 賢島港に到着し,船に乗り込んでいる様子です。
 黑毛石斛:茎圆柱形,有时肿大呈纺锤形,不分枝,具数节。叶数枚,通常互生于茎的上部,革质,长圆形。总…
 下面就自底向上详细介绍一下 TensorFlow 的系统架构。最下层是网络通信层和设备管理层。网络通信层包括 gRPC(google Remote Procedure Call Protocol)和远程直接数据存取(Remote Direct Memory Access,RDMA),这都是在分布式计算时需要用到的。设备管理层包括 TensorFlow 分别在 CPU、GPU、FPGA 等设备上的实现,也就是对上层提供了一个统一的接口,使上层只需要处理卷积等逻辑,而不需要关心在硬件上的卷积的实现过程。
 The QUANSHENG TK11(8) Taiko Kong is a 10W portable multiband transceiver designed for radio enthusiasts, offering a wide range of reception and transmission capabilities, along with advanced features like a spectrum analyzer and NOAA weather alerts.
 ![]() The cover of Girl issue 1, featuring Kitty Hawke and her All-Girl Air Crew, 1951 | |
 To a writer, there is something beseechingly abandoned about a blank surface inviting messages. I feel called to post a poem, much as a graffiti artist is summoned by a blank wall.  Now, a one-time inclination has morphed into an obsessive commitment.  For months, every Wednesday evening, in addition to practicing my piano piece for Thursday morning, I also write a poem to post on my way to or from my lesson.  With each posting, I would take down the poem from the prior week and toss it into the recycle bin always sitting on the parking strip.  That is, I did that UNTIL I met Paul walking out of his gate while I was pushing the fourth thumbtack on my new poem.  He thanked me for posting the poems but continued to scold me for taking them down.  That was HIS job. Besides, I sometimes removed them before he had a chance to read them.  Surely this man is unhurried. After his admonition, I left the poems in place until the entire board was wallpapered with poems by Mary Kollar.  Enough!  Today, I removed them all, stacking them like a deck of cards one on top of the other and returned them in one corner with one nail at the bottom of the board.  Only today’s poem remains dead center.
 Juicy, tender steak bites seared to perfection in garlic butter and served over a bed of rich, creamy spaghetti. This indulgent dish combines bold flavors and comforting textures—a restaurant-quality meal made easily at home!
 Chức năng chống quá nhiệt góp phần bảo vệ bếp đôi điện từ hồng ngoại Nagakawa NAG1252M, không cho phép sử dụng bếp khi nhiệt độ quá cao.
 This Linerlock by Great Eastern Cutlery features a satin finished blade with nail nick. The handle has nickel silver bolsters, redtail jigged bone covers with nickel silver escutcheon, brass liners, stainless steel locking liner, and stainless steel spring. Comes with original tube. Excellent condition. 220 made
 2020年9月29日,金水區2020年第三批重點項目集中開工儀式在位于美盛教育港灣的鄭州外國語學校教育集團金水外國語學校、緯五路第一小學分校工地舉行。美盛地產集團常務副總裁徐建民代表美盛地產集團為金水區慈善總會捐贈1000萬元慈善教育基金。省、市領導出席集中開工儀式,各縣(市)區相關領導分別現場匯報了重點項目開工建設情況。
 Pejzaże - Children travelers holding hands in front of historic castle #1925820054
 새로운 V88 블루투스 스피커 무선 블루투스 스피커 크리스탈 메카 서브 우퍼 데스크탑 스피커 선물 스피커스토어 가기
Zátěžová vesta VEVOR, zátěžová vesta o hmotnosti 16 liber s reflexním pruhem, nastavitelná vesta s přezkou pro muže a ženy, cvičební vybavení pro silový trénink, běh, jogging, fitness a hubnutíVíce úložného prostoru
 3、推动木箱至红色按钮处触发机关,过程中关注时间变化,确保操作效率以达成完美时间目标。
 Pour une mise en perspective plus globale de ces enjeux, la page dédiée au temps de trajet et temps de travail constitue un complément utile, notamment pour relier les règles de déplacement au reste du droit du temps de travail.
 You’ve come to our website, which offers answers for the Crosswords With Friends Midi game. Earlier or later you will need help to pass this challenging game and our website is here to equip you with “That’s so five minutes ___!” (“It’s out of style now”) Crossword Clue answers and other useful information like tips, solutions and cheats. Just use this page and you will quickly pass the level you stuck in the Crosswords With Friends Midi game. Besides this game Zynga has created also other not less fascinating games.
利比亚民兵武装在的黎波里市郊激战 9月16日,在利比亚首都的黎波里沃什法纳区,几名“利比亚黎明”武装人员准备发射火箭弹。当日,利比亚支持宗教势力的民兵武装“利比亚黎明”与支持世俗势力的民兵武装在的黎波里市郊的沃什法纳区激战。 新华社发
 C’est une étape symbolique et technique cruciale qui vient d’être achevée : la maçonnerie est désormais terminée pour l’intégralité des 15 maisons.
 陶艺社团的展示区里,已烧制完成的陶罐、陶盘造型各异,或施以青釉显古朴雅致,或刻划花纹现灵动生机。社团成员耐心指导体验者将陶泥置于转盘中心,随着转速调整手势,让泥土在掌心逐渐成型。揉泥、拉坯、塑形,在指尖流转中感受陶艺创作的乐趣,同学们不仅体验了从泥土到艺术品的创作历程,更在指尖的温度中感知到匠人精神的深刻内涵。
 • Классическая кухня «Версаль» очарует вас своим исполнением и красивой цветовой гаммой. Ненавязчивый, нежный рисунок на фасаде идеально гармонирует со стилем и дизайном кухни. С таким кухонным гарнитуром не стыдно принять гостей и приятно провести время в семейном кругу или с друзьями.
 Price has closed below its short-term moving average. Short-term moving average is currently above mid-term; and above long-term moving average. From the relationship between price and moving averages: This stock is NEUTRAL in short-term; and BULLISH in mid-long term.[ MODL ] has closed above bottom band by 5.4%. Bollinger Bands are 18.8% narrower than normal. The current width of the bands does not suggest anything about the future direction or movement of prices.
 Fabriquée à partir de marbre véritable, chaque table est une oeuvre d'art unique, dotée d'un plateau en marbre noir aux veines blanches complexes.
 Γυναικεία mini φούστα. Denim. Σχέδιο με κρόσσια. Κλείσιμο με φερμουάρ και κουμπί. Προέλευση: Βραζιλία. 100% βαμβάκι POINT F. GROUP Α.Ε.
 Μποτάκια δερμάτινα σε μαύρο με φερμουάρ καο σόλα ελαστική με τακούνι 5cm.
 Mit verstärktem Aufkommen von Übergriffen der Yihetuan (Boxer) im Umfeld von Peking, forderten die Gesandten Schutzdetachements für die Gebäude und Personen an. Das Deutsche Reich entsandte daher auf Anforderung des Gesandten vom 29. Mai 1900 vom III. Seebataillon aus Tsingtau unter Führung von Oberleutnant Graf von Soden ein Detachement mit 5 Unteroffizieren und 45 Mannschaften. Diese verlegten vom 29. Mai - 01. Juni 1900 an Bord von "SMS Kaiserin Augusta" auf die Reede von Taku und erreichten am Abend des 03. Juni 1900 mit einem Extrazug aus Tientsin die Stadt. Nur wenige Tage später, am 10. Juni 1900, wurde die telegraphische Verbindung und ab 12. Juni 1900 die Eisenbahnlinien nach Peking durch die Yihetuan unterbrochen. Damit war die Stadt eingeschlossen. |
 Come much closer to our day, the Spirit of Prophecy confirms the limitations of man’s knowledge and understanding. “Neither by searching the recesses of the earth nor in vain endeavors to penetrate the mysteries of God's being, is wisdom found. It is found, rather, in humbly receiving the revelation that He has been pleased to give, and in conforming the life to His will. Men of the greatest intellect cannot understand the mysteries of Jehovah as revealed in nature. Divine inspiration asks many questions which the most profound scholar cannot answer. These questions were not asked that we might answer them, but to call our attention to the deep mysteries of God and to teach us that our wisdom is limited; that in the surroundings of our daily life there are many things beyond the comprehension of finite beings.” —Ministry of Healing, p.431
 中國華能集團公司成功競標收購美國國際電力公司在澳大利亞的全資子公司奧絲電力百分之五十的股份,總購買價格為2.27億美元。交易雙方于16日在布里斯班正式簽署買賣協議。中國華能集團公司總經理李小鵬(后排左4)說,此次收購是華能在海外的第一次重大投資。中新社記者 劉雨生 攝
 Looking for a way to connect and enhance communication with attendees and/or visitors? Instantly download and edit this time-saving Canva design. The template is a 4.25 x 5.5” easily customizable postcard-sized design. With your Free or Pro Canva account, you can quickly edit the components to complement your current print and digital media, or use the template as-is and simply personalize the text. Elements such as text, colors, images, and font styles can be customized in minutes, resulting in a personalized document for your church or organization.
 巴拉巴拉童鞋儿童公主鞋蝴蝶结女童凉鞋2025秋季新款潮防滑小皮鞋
★ ★ ★ ★ ★ ★ ★
What you will do
Within the material above, transcribe exactly the lines that run from the line holding "Γυναικεία mini φούστα." through the line holding "Μποτάκια δερμάτινα σε".

Exercise result
 Γυναικεία mini φούστα. Denim. Σχέδιο με κρόσσια. Κλείσιμο με φερμουάρ και κουμπί. Προέλευση: Βραζιλία. 100% βαμβάκι POINT F. GROUP Α.Ε.
 Μποτάκια δερμάτινα σε μαύρο με φερμουάρ καο σόλα ελαστική με τακούνι 5cm.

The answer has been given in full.